It almost feels wrong to review a !!! (Chk Chk Chk) album. The dance-punk band make songs, best experienced in the sweaty throes of a shaking club. To see the !!! live is to see a quaking, rhythmic, groove machine in full, kaleidoscopic flow. They are a band to sweat to, love to, and shake to. They are a band that has the uncanny ability to punch themselves into the heart and the hips of every single member of their audience. They are the kind of band that add colour to grey days and remind stiff, tired feet just what they’re capable of.
However, even a band so synonymous with the good times as !!! can’t ignore the choking noises coming from the strangling of the liberal dream. Taking a step back from the glaring, hot lights of the center of the dance floor, new album Wallop finds the band patrolling the darker edges. In many respects, this is the group’s most serious album to date. That’s not to say there isn’t a whole lot of fun to be had. As frontman Nick Offer contemplates the world around him, tackling topics such as gentrification, corruption, and inequality, !!! do what they have always done – find sanctuary in the groove.
The album opens with the band taking up a familiar position with the fat, stalking synth chords of “Let It Change U”. Over stuttering beats and a groove so fresh that you could brush your teeth with it, Offer assumes his role of sonic ringmaster, corralling the music to the heart of the dance floor. “Couldn’t Have Known” is a more soulful, disco cut full of shiny synths, playful loops, and 1980s slap bass all held together by a frustratingly catchy, cartoonish vocal sample that doesn’t take long to lodge itself deep into your subconscious.
“Off the Grid” is the first essential track on the album. If you’ve slept on !!! for a while, then this is the track to haul you back on your feet. As the band slowly base the funk fire with a crackling synth line, the whole thing soon ignites as a wildfire of warped electronics, snapping percussion and thumping bass consume everything before it. It’s a wonderfully edgy, unpredictable track that shares sonic similarities with Liars’ Mess album. Fitting then, that Liars main man Angus Andrew should add the “Asinine” hook to give it a little more demented charm.
Over an echoing, drum loop and a spiky, garage riff “Serbia Drums”, is the closest !!! have sounded to their old, dance-punk selves in years. However, scrape the surface and behind the raucous, house-party vibe is a track that lifts the curtain behind the hipster dream to find the rotting carcass of the liberal ideal. “If you would have told me how things are/ I would have thought that we had won.”

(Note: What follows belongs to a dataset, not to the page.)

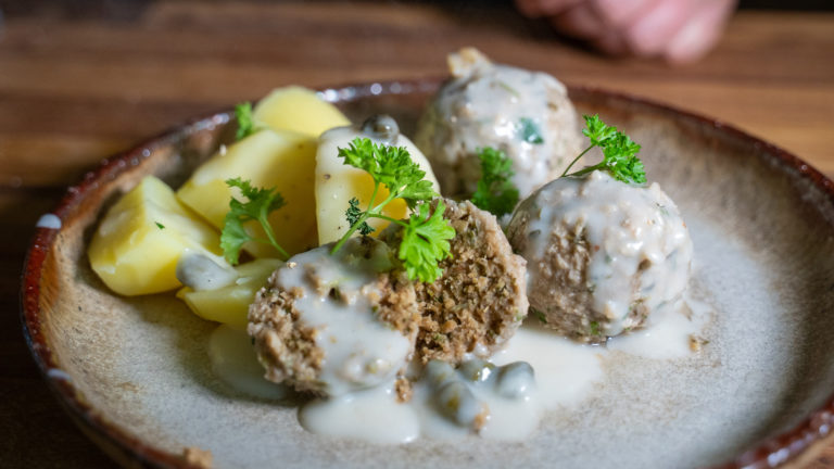 Vegan Königsberger meatballs in caper sauce
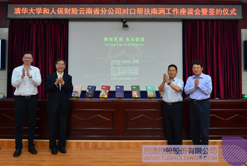 簽約儀式后,由云南啟迪協同啟迪科服成立的無量山啟迪大健康科技有限公司“土林鳳凰”新產品正式發(fā)布,姜勝耀、吉向陽、龍大偉、人保財險云南省分公司總經理雙磊(清華校友)共同為新產品揭幕。作為啟迪精準助力南澗發(fā)展“六個一”之茶產業(yè)發(fā)展舉措,此次新品以“無量茗香 水木情深”為主題,由清華大學美院師生進行設計。

“My Fault” is a gleaming, electro-funk tune that plays to the band’s strengths with inventive electronic flourishes over a pounding beat. “Slow Motion”/”Slow Mo” filters New York house through Bristol trip-hop as rippling bass swims with darker beats and one of Offer’s most disconsolate set of lyrics to date as he sees progressive ideas torn to shreds before his eyes. “They say these things happen for a reason / We all know that’s bullshit / That’s just what people say to make you feel better.”
“$50 million” mines 1980s disco with stuttering funk guitar, smooth synths, and drum machines. Here, Offer makes corruption sound positively alluring as he boldly proclaims that he’d happily reconsider any ideological stance for a cool $50 million. It’s classic Offer. Tongue in cheek lyrics that tease a deeper meaning. Floating on a steady stream of gently flowing electronics, “Domino” is one of the most addictively understated things the band has done in a long time.
Despite the characteristically buoyant beats and kaleidoscopic synths, there is a darkness to much of Wallop, as if the music is constantly being chased by shadow. “Rhythm of Gravity” is a case in point. Taking the essential elements of 1990s big beat and early British rave, it entices the listener to the darker edges of the dance floor. That continues with “UR Paranoid”; a nightmarish house meets electroclash track with Offer slowly overtaken by a kind of mania as the rhythm slithers and coils around him.
Final tracks, “This Is the Door” and “This Is the Dub” find Offer blinking in the cool, milky light of early morning supported by Meah Pace’s always compelling soulful vocals. As she pulls in the threads of soul, funk, and disco, hers is the kind of voice that you can imagine continuing, untroubled, and resolute even as the world continues to burn around her.
Wallop is the sound of !!! marking out new territory for themselves. By darkening the edges of their sound the band look beyond the dance floor to the streets outside, all while maintaining their characteristic flair for a huge, groove-laden tune. The peaks are some of their most pointedly thrilling to date, and even the less immediate tracks gradually reveal subtle new shades. The result is one of the band’s most consistently interesting and cohesive albums to date.